I was wondering about that.

So that's two people who think I've parked a JHP in my leg? [laugh] Chances are a park'd RIA would rust itself shut before I had an ND with one.

ETA: I've never had any kind of AD/ND/high velocity near circumcision before.
 
So that's two people who think I've parked a JHP in my leg? [laugh] Chances are a park'd RIA would rust itself shut before I had an ND with one.
No, I was looking at the site and given the location and age of the fellow thought that it wasn't you.
 
I had an AD back in the day while teaching students in the Corps. I should have gotten fired/in trouble/lost rank, but a lot of little factors saved my butt. I was teaching Marines at the CQB school down in VA. We were practical application sessions after a class and I was working with my students on pistol drills going from standing to kneeling. This was supposed to be dry fire time. All instructors wore condition one pistols everyday when we were down range with students, so wearing and using it daily was second nature to me. Instructors fired/demo'd many rounds of pistol and sub-gun each day. But before giving this dry fire demo, I should have unloaded and showed clear. I know that,,, I did not do that.

My pistol was pointed in a safe direction and after the round fired -- it startled me, but I just played it off. I've always been quick on my feet and I instantly thought the best thing to do was to not lose bearing and just continue to march. [hmmm] It wasn't like this range complex was dead quiet; there was other people using other cells on the same range complex.

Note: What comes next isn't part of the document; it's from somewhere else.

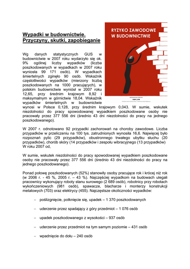 Wypadki w budownictwie. Przyczyny, skutki, zapobieganie Wg danych statystycznych GUS w budownictwie w 2007 roku wydarzyło się ok. 9% ogólnej liczby wypadków (liczba poszkodowanych w wypadkach w 2007 roku wyniosła 99 171 osób). W wypadkach śmiertelnych zginęło 90 osób. Wskaźnik częstotliwości wypadków (mierzony liczbą poszkodowanych na 1000 pracujących), w polskim budownictwie wyniósł w 2007 roku 12,65, przy średnim krajowym 8,92 i maksymalnym w górnictwie 18,04. Wskaźnik wypadków śmiertelnych w budownictwie wynosi w Polsce 0,128, przy średnim krajowym 0,043. W sumie, wskutek niezdolności do pracy spowodowanej wypadkiem poszkodowane osoby nie pracowały przez 377 556 dni (średnio 43 dni niezdolności do pracy na jednego poszkodowanego). W 2007 r. odnotowano 92 przypadki zachorowań na choroby zawodowe. Liczba przypadków w przeliczeniu na 100 tys. zatrudnionych wynosiła 16,6. Najwięcej było rozpoznań pylic (29 przypadków), obustronnego trwałego ubytku słuchu (20 przypadków), chorób skóry (14 przypadków i zespołu wibracyjnego (13 przypadków) W roku 2007 od, W sumie, wskutek niezdolności do pracy spowodowanej wypadkiem poszkodowane osoby nie pracowały przez 377 556 dni (średnio 43 dni niezdolności do pracy na jednego poszkodowanego). Ponad połowę poszkodowanych (52%) stanowiły osoby pracujące rok i krócej niż rok (w 2006 r. - 45 %, 2005 r. – 43 %). Najczęściej wypadkom na budowach ulegali pracownicy wykonujący roboty stanu surowego (2 689 osób), robotnicy przy robotach wykończeniowych (981 osób), spawacze, blacharze i monterzy konstrukcji metalowych (703) oraz elektrycy (455). Najczęstsze okoliczności wypadków: − poślizgnięcie, potknięcie się, upadek – 1 370 poszkodowanych − uderzenie przez spadający z góry przedmiot – 1 076 osób − upadek poszkodowanego z wysokości – 937 osób − uderzenie przez przedmiot na tym samym poziomie – 431 osób − wpadnięcie do dołu – 240 osób Państwowa Inspekcja Pracy („Wypadki przy pracy w budownictwie w 2007 r. Informacja prasowa, Państwowa Inspekcja Pracy 2008) jako najczęstsze przyczyny wypadków, wymienia: − organizacyjne (brak nadzoru, dopuszczanie do pracy bez przygotowania, tolerowanie odstępstw od przepisów i zasad bezpieczeństwa pracy) 44,3% wypadków − ludzkie tj. wynikające ze stanu psychofizycznego i zachowań człowieka (lekceważenie zagrożenia i nieznajomość zagrożenia, niestosowanie sprzętu ochronnego, w tym urządzeń zabezpieczających i środków ochrony indywidualnej) - 43,2 % − techniczne, związane ze stanem technicznym sprzętu roboczego i zastosowanych przy nim środków ochronnych - 12,5 %. Wyniki prac prowadzonych w Centralnym Instytucie Ochrony Pracy – Państwowym Instytucie Badawczym [2-3.] wskazują, że oprócz wymienionych istnieją inne czynniki i okoliczności powstawania wypadków. Do nich należą między innymi: 1) wykonywanie na budowach prac bez odpowiednich środków ochrony zbiorowej. Dotyczy to zwłaszcza braku: − balustrad ochronnych lub siatek ochronnych, szalunków w wykopach, pokryw w podłożu, − daszków ochronnych w miejscach, w których mogą spadać z góry przedmioty i materiały budowlane, w tym na wózkach jezdniowych i innych środkach transportu, − odgradzania stref niebezpiecznych wokół pracujących maszyn, − zabezpieczenia placu budowy przed dostępem dla osób postronnych, − 2) oznakowań miejsc niebezpiecznych, w tym widocznych ostrzegawczych (także oświetlonych nocą, np. przy wykopach). znaków stosowanie niezgodnych z przepisami oraz nieprzystosowanych wykonywanych prac środków transportu oraz maszyn i urządzeń. do Przyczyną wypadków jest: − użytkowanie maszyn i urządzeń: niedopuszczonych do pracy (np.: przez UDT) i bez osłon elementów ruchomych, a także ich stosowanie niezgodnie z przeznaczeniem, bez należytego dostosowania do wykonywanych prac, − nieprzestrzeganie wymaganych terminów konserwacji, napraw, przeglądów oraz kontroli maszyn, środków transportu i urządzeń (np. drabin, rusztowań), a także niezgodne z przepisami i zasadami ich użytkowanie przez pracowników. 3) niewłaściwe wykonanie i konserwacja instalacji i urządzeń elektrycznych. Prowadzi to ni tylko do wypadków powodujących porażenie prądem elektrycznych, lecz także np. upadków z wysokości (związanych z rażeniem prądem elektrycznym). 4) niewłaściwa organizacja pracy. Wypadki w tej grupie są związane ze stosowaniem niewłaściwych: − metod pracy (np. brakiem pracownika kontrolującego przebieg pracy, koordynatora lub kierującego operacją (wydającego polecenia grupie) w trakcie ręcznego transportu zbiorowego), − środków pracy (np.: stosowaniem drabin niezgodnie z przeznaczeniem, stosowaniem prowizorycznych rusztowań), − technologii (np.: nie zachowaniem wymaganej technologicznie przerwy w postępie robót ze względu na niezbędną wytrzymałość betonu lub ustabilizowanie kostki brukowej, opóźnieniem wykonywania zabezpieczenia ścian w stosunku do postępu kopania wykopu), pośpiechem związanym z odpracowywaniem przestojów, − lokalizacją stanowisk pracy (np.: w strefie klina odłamu gruntu), a także wykonywaniem prac bez projektów organizacji robót (w tym projektu prowadzenia robót ziemnych). 5) nieodpowiednie kompetencje personelu w zakresie bhp do nadzorowania i wykonywania prac budowlanych. Dotyczy to niekompetentnych osób kierujących budowami, braku wstępnych i okresowych szkoleń w zakresie bhp, a także prowadzenie szkoleń przez osoby niekompetentne. Wypadki są również powodowane zatrudnianiem do określonych prac osób, mimo przeciwwskazań lekarskich. 6) wykonywanie prac na otwartym terenie. Może to powodować dodatkowe zagrożenia przez czynniki, takie jak: mokre i śliskie od deszczu lub śniegu (także oblodzone) powierzchnie i konstrukcje budowlane, ograniczoną widoczność (praca w trudnych warunkach atmosferycznych lub po 
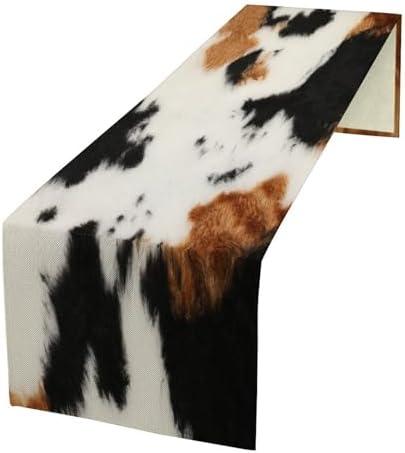 Cowhide Table Runner with Vintage Cow Print for Rustic Decor

And somehow my students kept quiet. My students definitely could have hung me out to dry if they wanted to. I saw an instructor relieved of duty for this in the past, so I got very lucky in many way. It happens, and I messed up big time, but at least my weapon was pointed in a safe direction.
 
So that's two people who think I've parked a JHP in my leg? [laugh] Chances are a park'd RIA would rust itself shut before I had an ND with one.

Hell, it'd probably rust itself OPEN with the slide locked back. [rofl]

-Mike
 
One of the big reasons I only shoot on my own land these days is the people at the ranges. We have had many shoots where people have no ( or seem to not have any ) concept of safety everything form muzzle sweeping to shooting at non targets. Of coursed the only two times I have actually seen injuries where both from the same thing. Laser bore sight alignment tools. I personally watched one go boom the second I heard and turned to see the result. The first case a piece of the tool ended up stuck in the guys forehead. In the second case a piece of the barrel sheared off and impaled the guy next to him in the leg though it was only a inch or so long. I will NEVER understand that one. How do you forget you have a object in the end of your barrel?